## Problem details
Begin at the line holding "A freshly prepared" and set down exactly each line through the last one below, omitting pictures. Include nothing else.

## Provided material
□ □ □
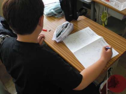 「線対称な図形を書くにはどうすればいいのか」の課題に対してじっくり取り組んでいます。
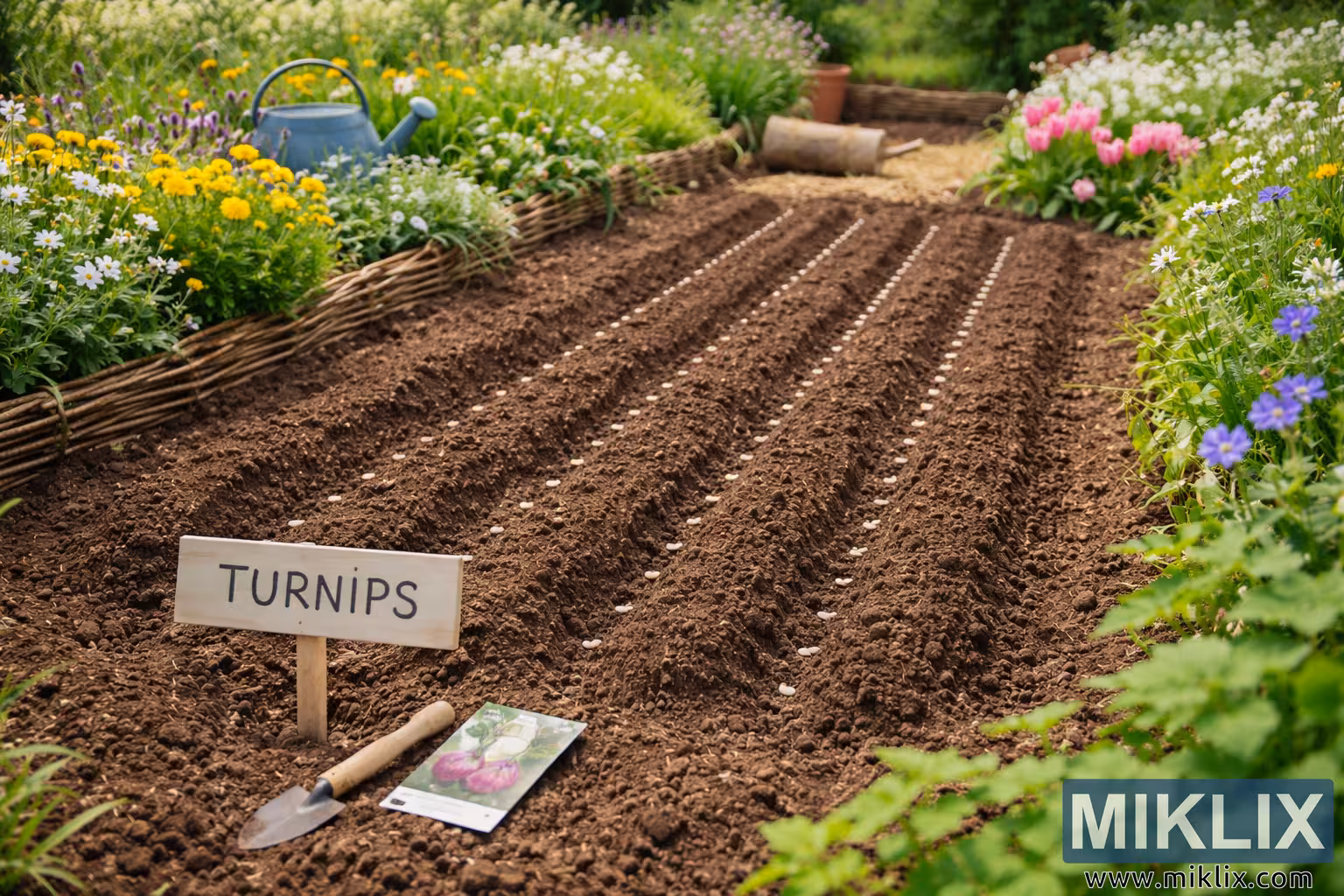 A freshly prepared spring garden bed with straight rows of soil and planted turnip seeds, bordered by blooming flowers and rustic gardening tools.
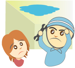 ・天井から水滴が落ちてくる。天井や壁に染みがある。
□ □ □
## Exercise solution
 A freshly prepared spring garden bed with straight rows of soil and planted turnip seeds, bordered by blooming flowers and rustic gardening tools.
 ・天井から水滴が落ちてくる。天井や壁に染みがある。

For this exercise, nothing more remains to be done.